Transformer Sizing and Demand Management

A question that comes up in utility coordination: should the service upgrade be sized for the maximum theoretical charging load (all chargers running simultaneously at full rate) or for the managed load profile (staggered charging under demand management software)?

Utilities typically size service upgrades for the connected load — the maximum potential demand from the installed equipment. This is conservative from a grid planning perspective and protects against the scenario where charging management software fails or is bypassed. From a fleet operator's cost perspective, a service upgrade sized for full connected load may result in paying for more transformer capacity than is ever actually used.

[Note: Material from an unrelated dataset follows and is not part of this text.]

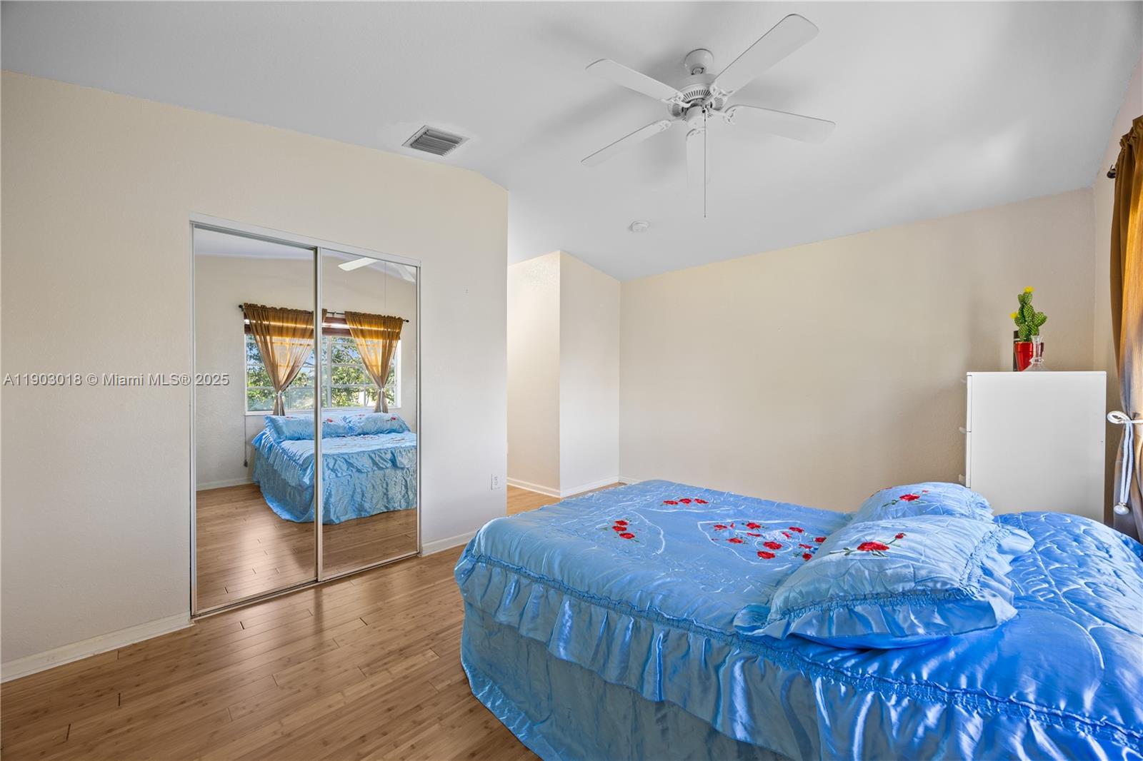 32K Price Reduction. Seller says sell!! Experience modern elegance in this stunning lakeview home in Sunset Lakes! This one-of-a-kind townhouse is the sole listing with a west-facing lake view, providing exceptional sunset scenery each evening. Featuring a rare 3 bed/3 bath with one bedroom and full bathrm on the first flr. Also has luxury tile and bamboo flooring throughout for lasting durability and style. The large eat-in kitchen boasts stainless steel appliances (installed 2021), and the A/C was replaced in 2021. Enjoy resort-style amenities including a sparkling pool, state-of-the-art gym, tennis and basketball courts, cable, lawn care, and exterior paint. Home offers full hurricane protection. Conveniently located near A+ schools, and I-75, this home is a rare gem in a highly sought-after community!

Some utilities will work with commercial customers to size service upgrades for a managed load profile if the customer can demonstrate credible demand management controls. This requires committing to a demand cap in writing and potentially installing demand limiting equipment (a separate demand controller or a formally programmed EVSE management system) that the utility can inspect. The economics of negotiating a smaller service upgrade vs. deploying demand management software are worth examining for large installations where the difference in infrastructure cost is material.

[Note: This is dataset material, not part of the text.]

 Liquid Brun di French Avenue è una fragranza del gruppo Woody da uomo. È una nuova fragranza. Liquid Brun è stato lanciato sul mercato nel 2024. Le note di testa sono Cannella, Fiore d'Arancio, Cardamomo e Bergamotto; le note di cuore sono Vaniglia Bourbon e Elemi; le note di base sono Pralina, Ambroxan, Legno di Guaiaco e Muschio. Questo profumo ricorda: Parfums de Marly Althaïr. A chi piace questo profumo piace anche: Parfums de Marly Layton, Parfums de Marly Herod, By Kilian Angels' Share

We're not saying every fleet operator should negotiate load-based service sizing — the utility's willingness to do this varies, and the paperwork involved may not be worth it for smaller installations. What we're saying is that it's a question worth asking for large depots where the difference between full-connected-load and managed-load infrastructure sizing is significant.

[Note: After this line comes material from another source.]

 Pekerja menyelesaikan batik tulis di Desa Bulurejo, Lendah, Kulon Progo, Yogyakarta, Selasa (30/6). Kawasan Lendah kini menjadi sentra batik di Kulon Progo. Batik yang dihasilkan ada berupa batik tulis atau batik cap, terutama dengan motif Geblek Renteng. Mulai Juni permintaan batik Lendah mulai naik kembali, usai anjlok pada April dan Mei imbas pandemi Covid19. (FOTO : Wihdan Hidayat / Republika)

Make-Ready and Conduit Infrastructure

Several utilities in Oregon and Washington have offered or piloted "make-ready" programs that fund or partially fund the electrical infrastructure (transformer upgrades, conduit, panel work) needed to support commercial EV charging, leaving EVSE hardware procurement to the customer. These programs emerged from state clean transportation policy initiatives and from utility planning incentives to build load in ways that improve load factor.

PGE's Commercial EV Charging program has offered make-ready infrastructure support for qualifying commercial customers including fleet operators. Program terms, funding levels, and eligibility criteria change through PUC proceedings. Fleet operators planning large installations should ask their utility contact specifically about make-ready program availability at the time of project planning — not as an afterthought after the project budget is finalized.

Building Permit Coordination

Commercial EVSE installations require building permits and electrical inspections in addition to utility coordination. In most Oregon jurisdictions, a commercial EV charger installation requires an electrical permit from the local building authority. For large installations, a licensed electrical contractor must design and pull the permits; the utility won't energize a new service until required permits are issued and inspections are passed.

The permit timeline and the utility service upgrade timeline run in parallel and need to be coordinated. An installation that receives utility service approval but can't get an inspection appointment for 6 weeks, or that completes permitting but is waiting for utility construction, may find one track stalling the other near the end of the project. Building coordination buffers into the project schedule for both tracks is more reliable than assuming everything will resolve simultaneously.

For fleet operators navigating this process, having an electrical contractor experienced in commercial EV installations — one who knows both the utility interconnection process and the local AHJ (Authority Having Jurisdiction) permit requirements — is genuinely worth the premium over a lower-bid general electrical contractor who hasn't done a depot-scale EVSE installation before. The learning curve on process details that an experienced contractor already knows is a real project risk.